## PROBLEM DETAILS
Transcribe only what runs from the line containing "925 Ayar Gümüş" through the end of the listing, line for line and exactly, and omit the pictures.

## PROVIDED DATA

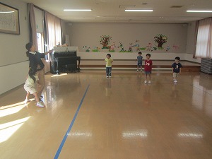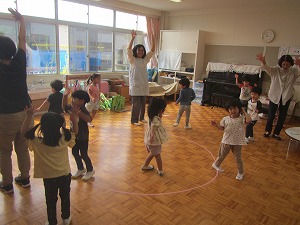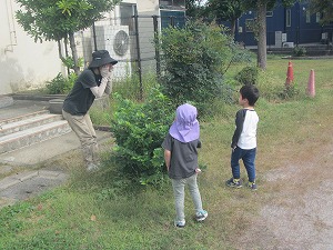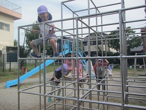 よい天気になりました。外遊びにもちょうどよい気候です。年少組は園庭でかくれんぼをしたり、ジャングルジムや滑り台をしたりして、たっぷりと遊びました。
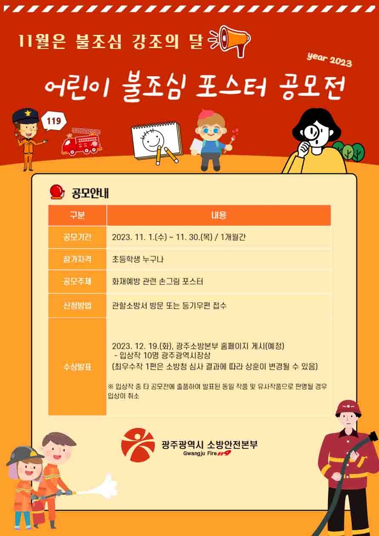 초등학생 누구나 화재예방을 주제로 그림을 그리는 ‘어린이 불조심 포스터 공모전’도 개최한다. 공모 결과 우수작품 10점을 선정하고, 최우수작으로 선정된 1개 작품은 소방청 주관 전국 심사에 광주 대표로 출품한다.
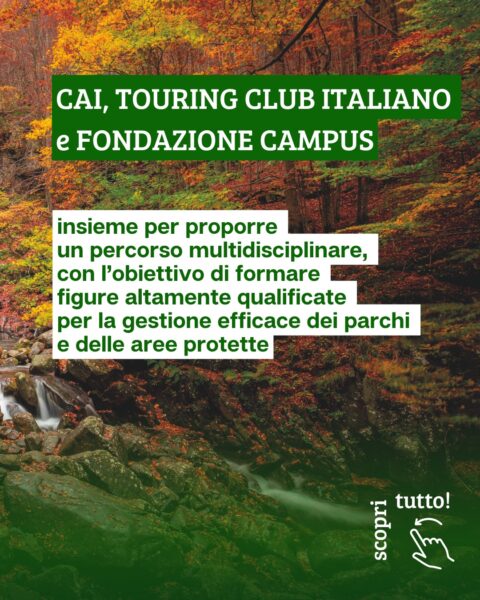CLUB ALPINO ITALIANO, TOURING CLUB ITALIANO E FONDAZIONE CAMPUS: 3a edizione del “MASTER EXECUTIVE in management dei parchi e delle aree protette“- Cai Scuola
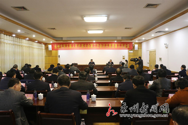 永州新聞網(wǎng)訊(記者 唐波濤) 1月16日上午,永州市第五屆人民代表大會(huì)第三次會(huì)議主席團(tuán)召開(kāi)第三次會(huì)議,市委書(shū)記、市人大常委會(huì)主任李暉,市委常委、組織部長(zhǎng)吳志雄出席,市人大常委會(huì)副主任袁火林主持。
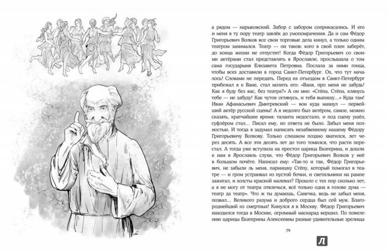 Повесть о русском театре XVIII века дополняют иллюстрации Татьяны Паянской.
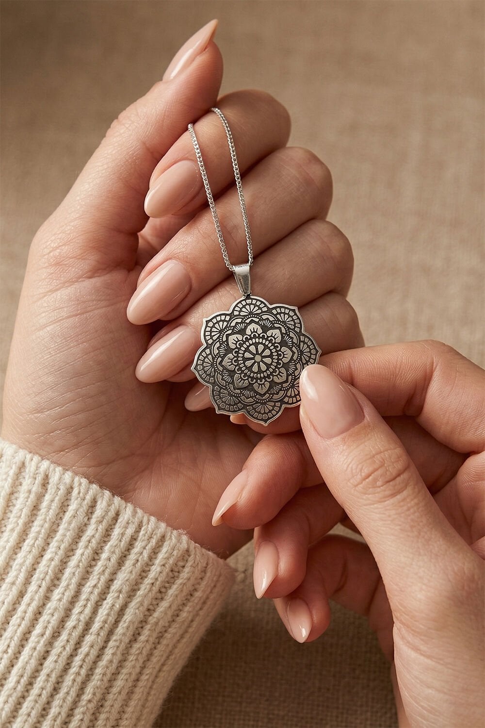 925 Ayar Gümüş Özel Tasarım Mandala Motifli Kadın Kolye – Şıklık ve Anlam Bir Arada
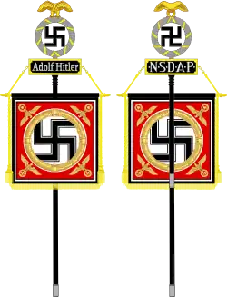 L'étendard est utilisé à toutes fins et consiste en un carré de matériau rouge dans différentes tailles réglementées. Au centre du carré se dresse un disque blanc, contenant une guirlande de feuilles de chêne dorées. Sur le disque blanc se trouve une croix gammée noire verticale. Dans chaque coin du champ rouge se trouve un emblème d'aigle de couleur or : dans le coin supérieur gauche et inférieur droit, un "Aigle du Parti", ou un "Aigle de la Wehrmacht" dans le coin supérieur droit et inférieur gauche. L'étendard entier était bordé sur les quatre côtés d'une bordure de bandes noires et blanches.
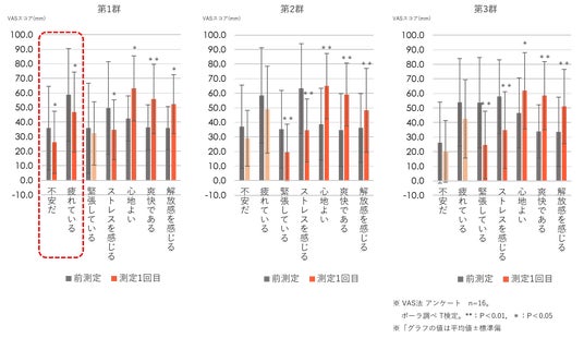 また、全ての群で「ストレスを感じる」は低下し、「心地よい」「爽快である」 「解放感を感じる」は増加する結果となりました。

## RESPONSE BOX
 925 Ayar Gümüş Özel Tasarım Mandala Motifli Kadın Kolye – Şıklık ve Anlam Bir Arada
 L'étendard est utilisé à toutes fins et consiste en un carré de matériau rouge dans différentes tailles réglementées. Au centre du carré se dresse un disque blanc, contenant une guirlande de feuilles de chêne dorées. Sur le disque blanc se trouve une croix gammée noire verticale. Dans chaque coin du champ rouge se trouve un emblème d'aigle de couleur or : dans le coin supérieur gauche et inférieur droit, un "Aigle du Parti", ou un "Aigle de la Wehrmacht" dans le coin supérieur droit et inférieur gauche. L'étendard entier était bordé sur les quatre côtés d'une bordure de bandes noires et blanches.
 また、全ての群で「ストレスを感じる」は低下し、「心地よい」「爽快である」 「解放感を感じる」は増加する結果となりました。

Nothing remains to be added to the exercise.